Tuesday, October 29, 2013

Canada, Court and Euthanasia


Canadian Association for Community Living Relieved at Dismissal of Appeal in Rasouli Case

CanadaSC
The Supreme Court of Canada

Editor’s note. This statement from CACL first appeared on its website following a hugely important decision by the Supreme Court of Canada. It was reprinted by the anti-euthanasia organization “Not Dead Yet” with the following introduction.

”The Supreme Court of Canada has dismissed an appeal that would have permitted doctors to end life support for a severely brain-damaged man without the consent of his family or a substitute decision maker.
“Under the Health Care Consent Act, doctors who want to withdraw life support from an incapacitated person without the consent of their authorized health care decision-maker must take the issue up before the Consent and Capacity Board.

“The burden is on the doctors to push their case for withdrawing care, rather than on the individual’s family to block the doctor. The Board’s decision can be appealed to the courts.”
What follows is the full statement from the Canadian Association for Community Living:

The Canadian Association for Community Living (CACL) is relieved that the Supreme Court of Canada (SCC) has dismissed the appeal in the case of Cuthbertson v. Rasouli where Mr. Rasouli’s attending physicians sought to override the wishes of his family and withdraw life support measures. In a majority judgment, the Supreme Court clearly affirmed that life support is medical “treatment” within the definition of the Ontario Health Care Consent Act (HCCA). Thus disputes over whether or not it should be withdrawn are disputes about consent to health care treatment or about acting in the best interests of the patient in respect of health care decisions. The regime in Ontario provides a process for resolving such disputes through the Consent and Capacity Board, and the SCC judgment asserts that is the place to resolve them.
Had the SCC ruled otherwise, it may have opened the door to physicians acting unilaterally to withdraw life sustaining treatments, unless their patients or their substitute decision makers or supporters could get to court to request an injunction. Such requirements would impose significant barriers to justice for older persons and persons with disabilities who, as the SCC has already acknowledged, face historic and systemic disadvantage.

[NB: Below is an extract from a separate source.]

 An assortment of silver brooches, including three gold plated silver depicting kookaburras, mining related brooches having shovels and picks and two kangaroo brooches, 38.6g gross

CACL has been involved in a number of cases where medical professionals have attempted to override the wishes of individuals and their families with regard to continuation of life-sustaining treatments, often for infants born with complex health care needs. These cases demonstrate the perilous position that people with disabilities can find themselves in when they enter the health care system. These have taken many forms—from inappropriate use of “Do not resuscitate” orders, to pressure from physicians to terminate treatment.

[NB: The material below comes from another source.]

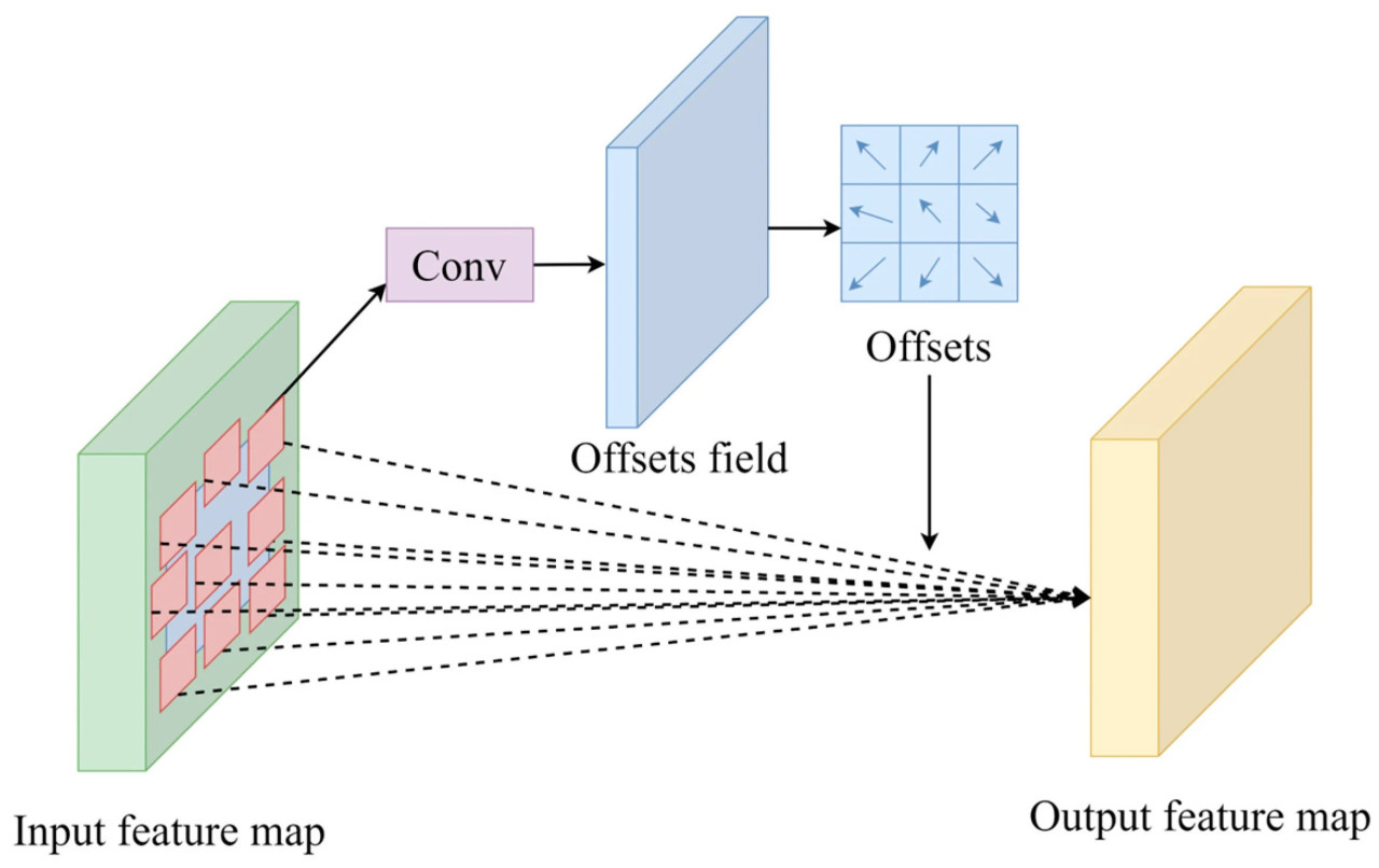 32. Zhu, X.; Hu, H.; Lin, S.; Dai, J. Deformable convnets v2: More deformable, better results. In Proceedings of the IEEE/CVF Conference on Computer Vision and Pattern Recognition, Long Beach, CA, USA, 15–20 June 2019; pp. 9308–9316. [Google Scholar]

Today’s decision is welcomed by CACL in preventing potentially disastrous implications of granting blanket decision making authority to physicians. Only providing recourse to apply for court injunctions is not the way to resolve decision-making challenges. In making clear that legislated procedures under the HCCA govern decision making, the Court has ruled against further barriers to justice and equality for people with disabilities and older persons.